The Ethics of Ecological Restoration
Published online by Cambridge University Press: 26 June 2009
BIODIVERSITY AND ECOLOGICAL RESTORATION
Ecological restoration has been portrayed recently as a process capable of reversing the loss of natural biodiversity now occurring in many densely populated areas and intensively managed landscapes in Europe (Throop 1997; Hobbs and Norton 1996). Species restoration schemes operate throughout Europe and in parts of North America as well. For example, they have involved the lynx in Poland, and the wolf and the moose in New York State. Human subsistence activities, such as hunting and agriculture, have resulted in losses of wildlife species. Natural environments have been intensively utilized for many centuries, especially in Western Europe and parts of North America; and a high level of productivity characterizes these domesticated environments (Nash 1989). As a result of these efforts to transform the natural environment into a highly efficient growth medium, variation is lacking and natural biodiversity has declined.

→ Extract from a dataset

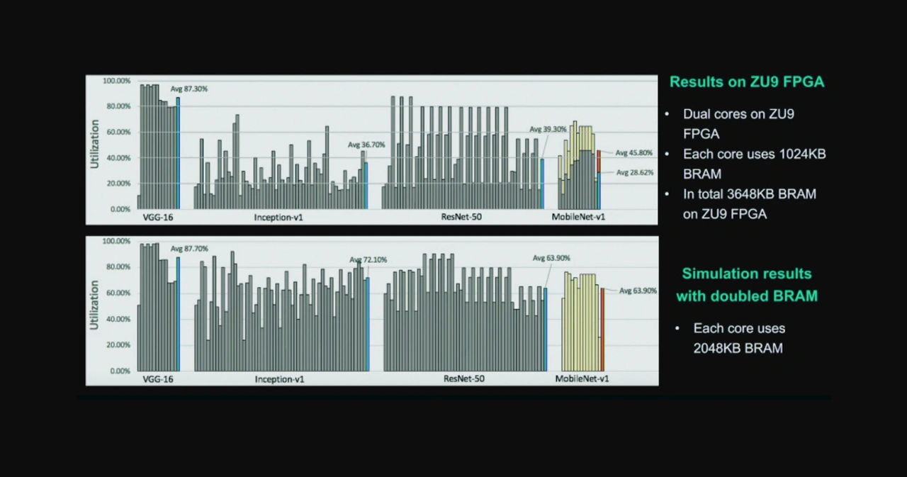 Für eine Inferenz fusioniert man typischerweise die DWC- mit der PWC-Faltung, legt die DWC-Aktivierungen im On-Chip-Speicher ab und startet gleich anschließend die 1x1-PWC. Im Kontext der Original DPU gab es keine spezialisierte Hardware-Unterstützung für DWCs, mit dem Ergebnis, dass der Wirkungsgrad nicht gerade ideal war (Bild 7) [3].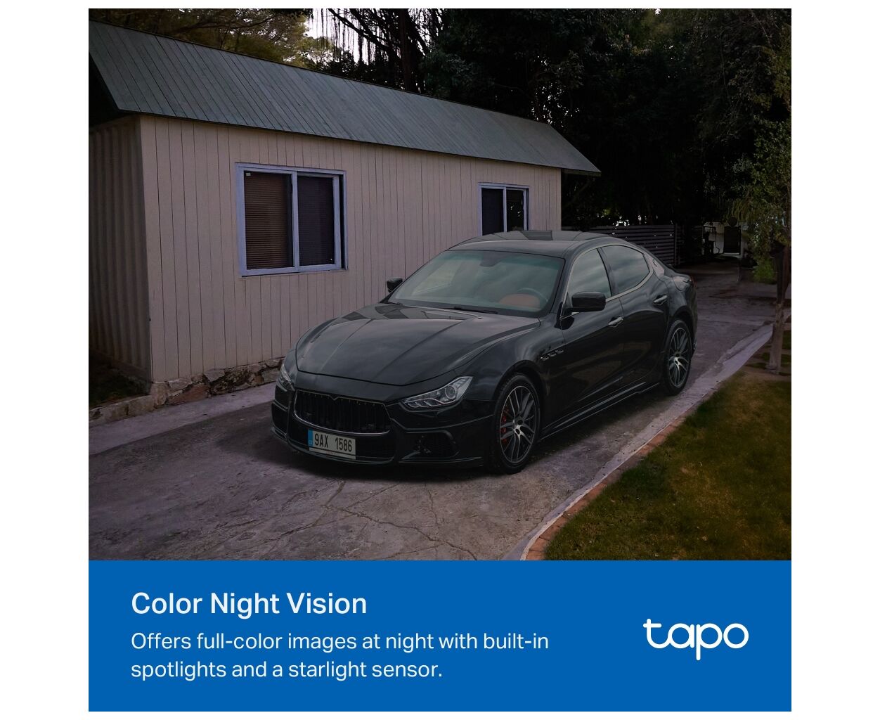 Вместо черно-белых изображений Tapo C425 предлагает полноцветные изображения ночью благодаря встроенным прожекторам и датчику звездного света, обеспечивающим детализированность в условиях низкой освещенности.

Species have died out regionally, and their opportunities to return to former haunts have been seriously limited by intensive management of the natural environment (Thomas 1992). Moreover, artifacts such as roads, towns, and bridges, as well as the straightening of rivers, block the paths of migrating wildlife. New policies on the conservation of wildlife, and on the general management and protection of the natural environment, are pursued in many affluent industrialized countries. These aim to recreate and maintain the dynamics and variation of natural ecosystems (Kane 1994; OECD 1999). This presents new opportunities for the conservation discipline (Pickett and Parker 1994).